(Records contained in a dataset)
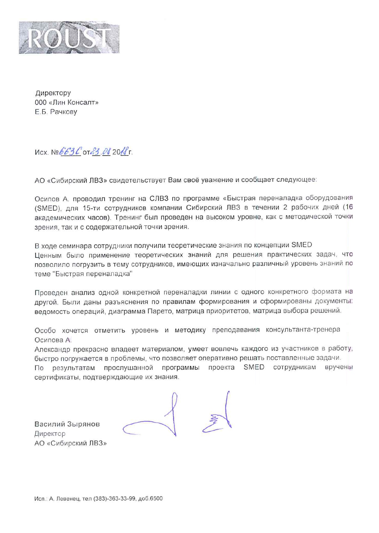 Видео отзывы клиентов консалтинговой компании «Лин Консалт» по результатам совместно реализованных проектов по повышению операционной эффективности.
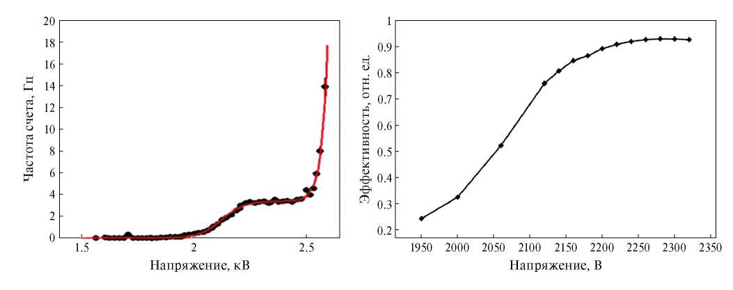 Рис. 5. Слева — усредненная счетная характеристика одной из камер, справа — зависимость эффективности одного из слоев камеры от напряжения.
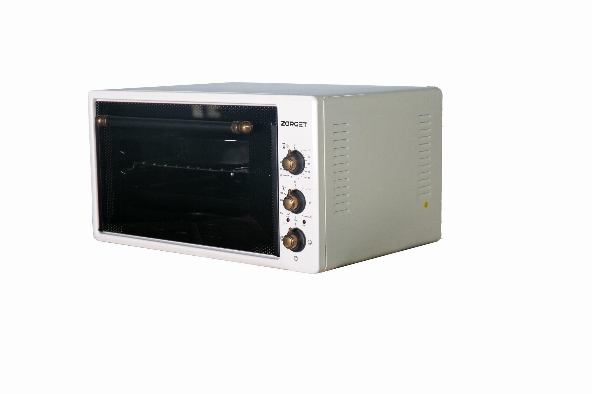 Modes: top heating, top + bottom heating, bottom heating, chamber volume: 45 l, features: internal lighting, timer, control: mechanical, equipment: round baking sheet, baking sheet, wire rack, width: 60.50 cm, depth
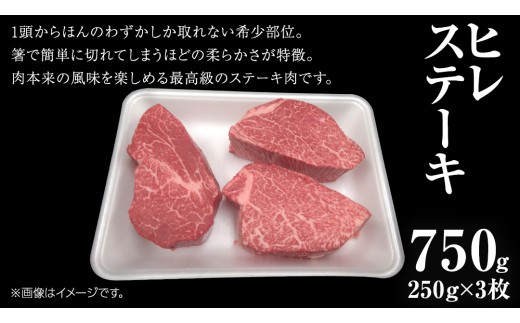 - 【 常陸牛 】 ヒレ ステーキ 250g × 3枚 (合計 750g )(茨城県共通返礼品)茨城県産 牛ヒレ肉 牛肉 ヒレ 牛ヒレ ステーキ 常陸牛 藤井商店 [CD066sa]
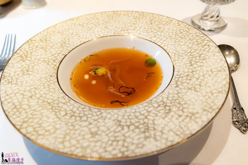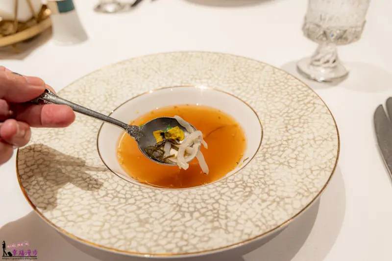 淋上高湯的魷魚瞬間就熟成了,金黃色澤的湯頭相當濃郁,入口後就能感受到深邃的鮮味,淡淡的鹹鮮喝起來會回甘耶!
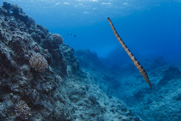 Swimming alongside one of Niue’s most recognisable marine inhabitants, the banded sea snake.
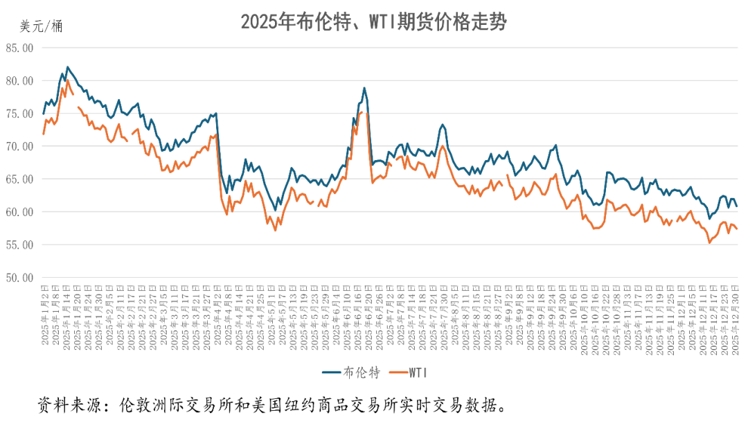 从高低价差看,2025年的国际石油价格出现了非常大的波动。2025年国际石油价格的最高价,出现在1月15日,布伦特原油期货价格收于每桶82.03美元,WTI期货价格收于每桶80.04美元;2025年国际石油价格的最低价,出现在12月16日,布伦特原油和WTI期货价格,分别收于为58.92美元/桶和55.27美元/桶。与1月15日的最高收盘价相比,12月16日的最低收盘价,分别下跌了23.11美元/桶和24.77美元/桶,跌幅高达28.17%、30.94%。
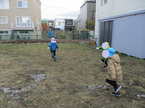 外が寒くても子どもたちは元気いっぱいに園庭で鬼ごっこやかくれんぼ、だるまさんが転んだなどをして遊んでいます♪
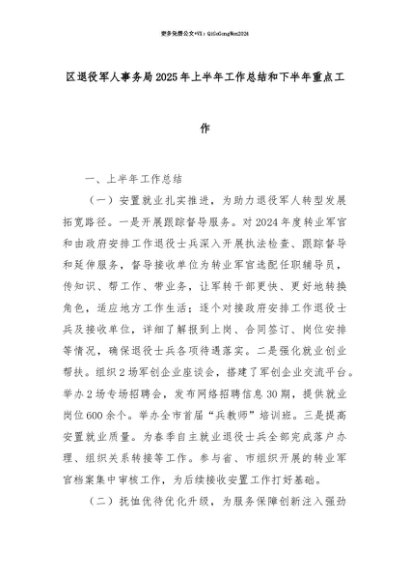 【七哥公文】2025年:【七哥公文】区退役军人事务局2025年上半年工作总结和下半年重点工作+更多免费公文+VX:QiGeGongWen2024+更多免费公文+VX:QiGeGongWen2024
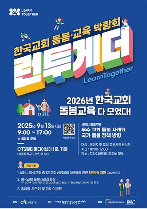 CTS기독교TV(회장 감경철, 이하 CTS)와 행복한출생 든든한미래(이하 행복한미래)는 한국교회의 돌봄사역 확산을 통해 저출생 문제를 극복하고자 ‘런투게더(LearnTogether) 한국교회 교육·돌봄 박람회’를 개최한다.이번 박람회는 20여 년간 CTS가 이어온 다음세대 부흥과 저출생 극복 사역의 일환이다. 이번 박람회는 지난 1월 공포된 국토교통부령 제1439호에 따라 ‘용도변경 없이 종교시설 내 아동돌봄 사역이 가능’해짐에 따라 전국의 종교시설이 돌봄 사역을 효과적으로 진행할 수 있도록 돕는 실제적 정보 제공의 자리가 될 것이
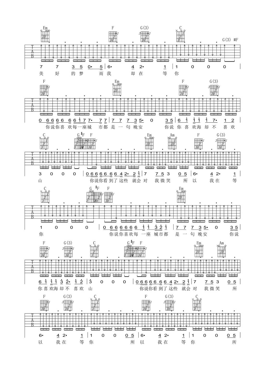 《鹿先森乐队《你喜欢海却不喜欢山吉他谱》(C调)》内容来自于互联网,不能保证内容的准确性与完整性,仅供学习交流欣赏,请勿用于其它用途,内容版权归原作者及来源网站所有,如有侵犯到您的权益请来信告知,我们将及时删除。
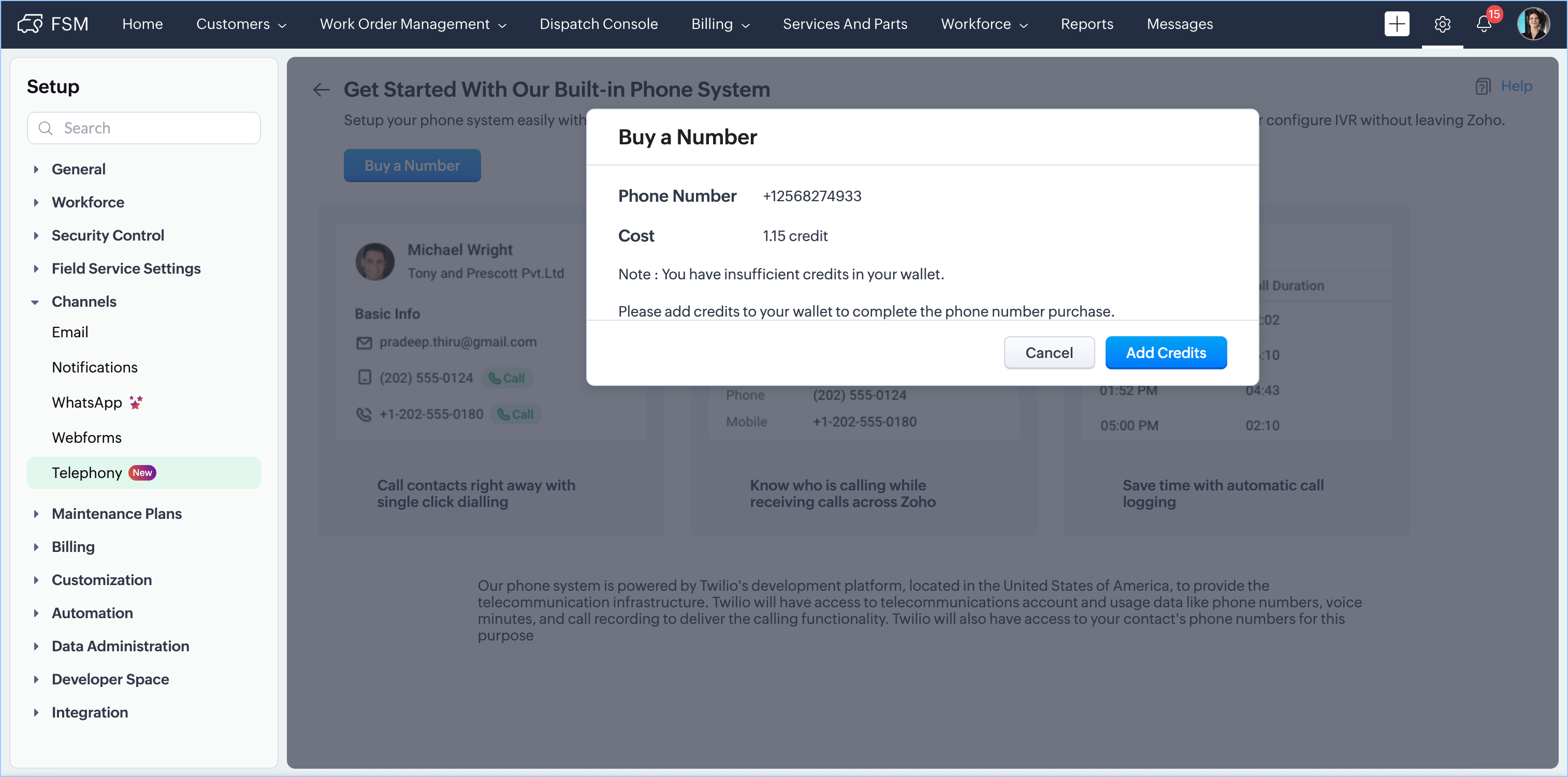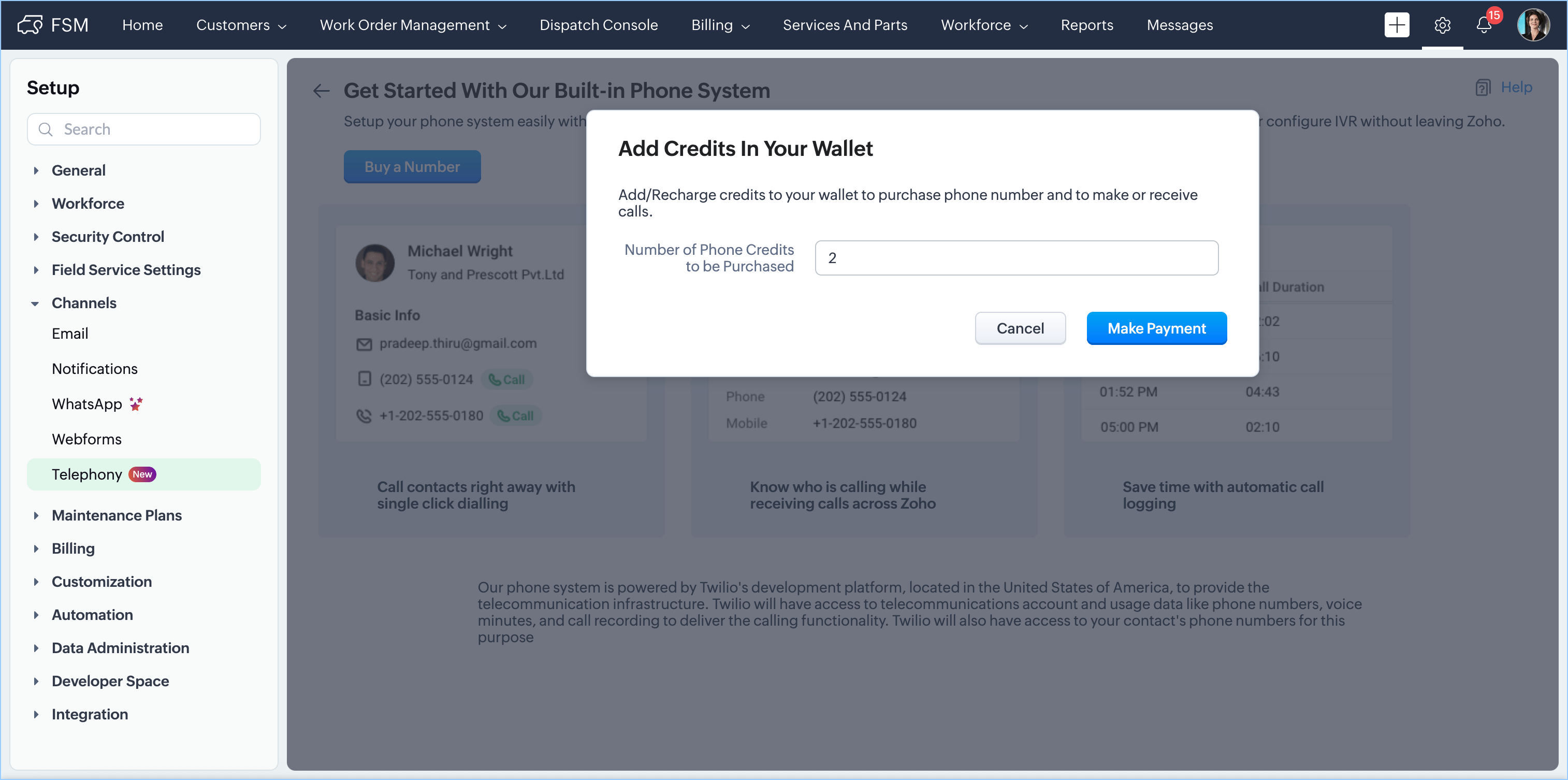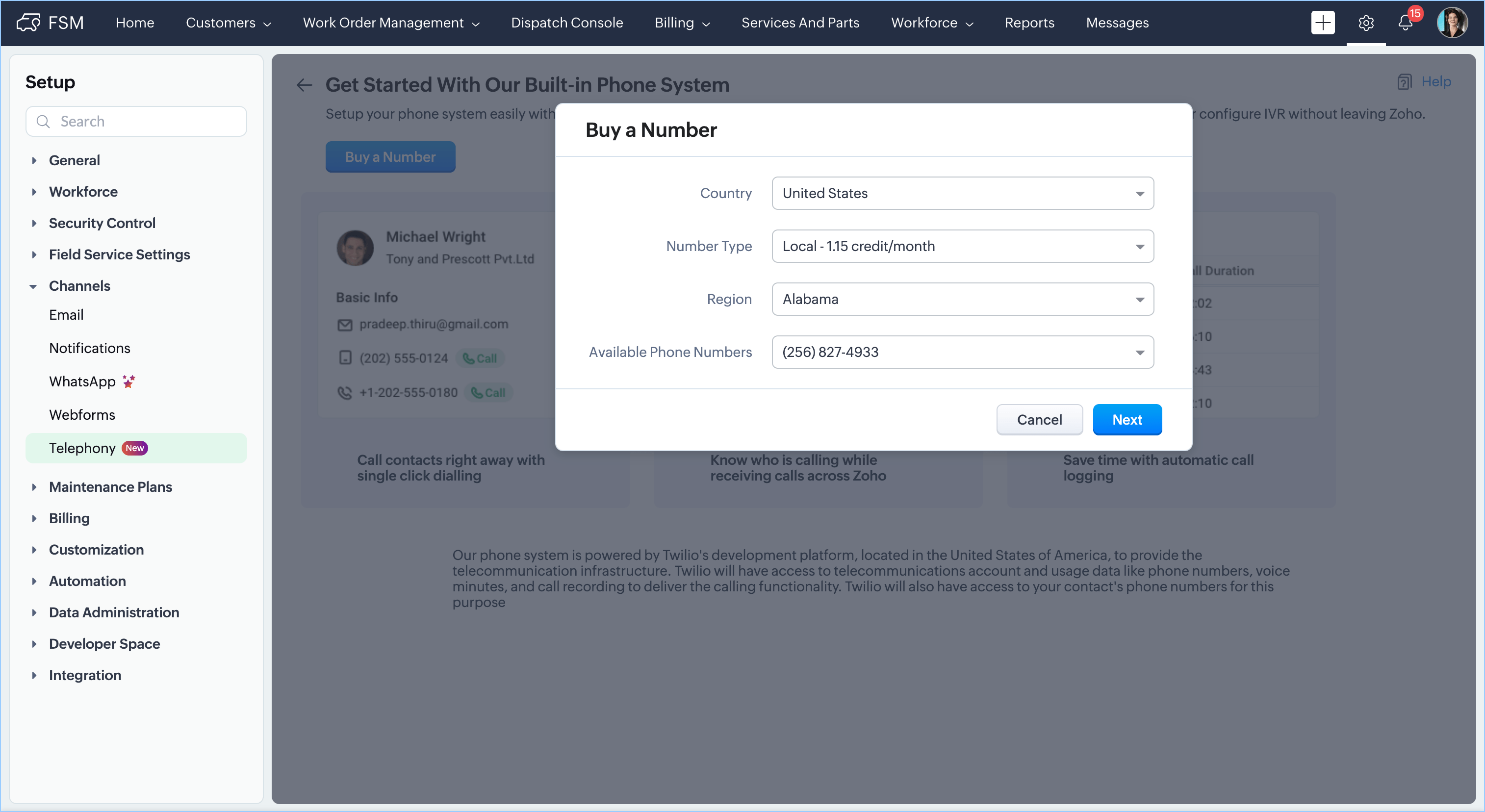 1. Purchase and manage phone numbers directly within Zoho FSM.

- WHAT YOU SHOULD DO
Please return all of the entries word for word, excluding the pictures.

- RESPONSE FOR THIS EXERCISE
 Видео отзывы клиентов консалтинговой компании «Лин Консалт» по результатам совместно реализованных проектов по повышению операционной эффективности.
 Рис. 5. Слева — усредненная счетная характеристика одной из камер, справа — зависимость эффективности одного из слоев камеры от напряжения.
 Modes: top heating, top + bottom heating, bottom heating, chamber volume: 45 l, features: internal lighting, timer, control: mechanical, equipment: round baking sheet, baking sheet, wire rack, width: 60.50 cm, depth
 - 【 常陸牛 】 ヒレ ステーキ 250g × 3枚 (合計 750g )(茨城県共通返礼品)茨城県産 牛ヒレ肉 牛肉 ヒレ 牛ヒレ ステーキ 常陸牛 藤井商店 [CD066sa]
 淋上高湯的魷魚瞬間就熟成了,金黃色澤的湯頭相當濃郁,入口後就能感受到深邃的鮮味,淡淡的鹹鮮喝起來會回甘耶!
 Swimming alongside one of Niue’s most recognisable marine inhabitants, the banded sea snake.
 从高低价差看,2025年的国际石油价格出现了非常大的波动。2025年国际石油价格的最高价,出现在1月15日,布伦特原油期货价格收于每桶82.03美元,WTI期货价格收于每桶80.04美元;2025年国际石油价格的最低价,出现在12月16日,布伦特原油和WTI期货价格,分别收于为58.92美元/桶和55.27美元/桶。与1月15日的最高收盘价相比,12月16日的最低收盘价,分别下跌了23.11美元/桶和24.77美元/桶,跌幅高达28.17%、30.94%。
 外が寒くても子どもたちは元気いっぱいに園庭で鬼ごっこやかくれんぼ、だるまさんが転んだなどをして遊んでいます♪
 【七哥公文】2025年:【七哥公文】区退役军人事务局2025年上半年工作总结和下半年重点工作+更多免费公文+VX:QiGeGongWen2024+更多免费公文+VX:QiGeGongWen2024
 CTS기독교TV(회장 감경철, 이하 CTS)와 행복한출생 든든한미래(이하 행복한미래)는 한국교회의 돌봄사역 확산을 통해 저출생 문제를 극복하고자 ‘런투게더(LearnTogether) 한국교회 교육·돌봄 박람회’를 개최한다.이번 박람회는 20여 년간 CTS가 이어온 다음세대 부흥과 저출생 극복 사역의 일환이다. 이번 박람회는 지난 1월 공포된 국토교통부령 제1439호에 따라 ‘용도변경 없이 종교시설 내 아동돌봄 사역이 가능’해짐에 따라 전국의 종교시설이 돌봄 사역을 효과적으로 진행할 수 있도록 돕는 실제적 정보 제공의 자리가 될 것이
 《鹿先森乐队《你喜欢海却不喜欢山吉他谱》(C调)》内容来自于互联网,不能保证内容的准确性与完整性,仅供学习交流欣赏,请勿用于其它用途,内容版权归原作者及来源网站所有,如有侵犯到您的权益请来信告知,我们将及时删除。
 1. Purchase and manage phone numbers directly within Zoho FSM.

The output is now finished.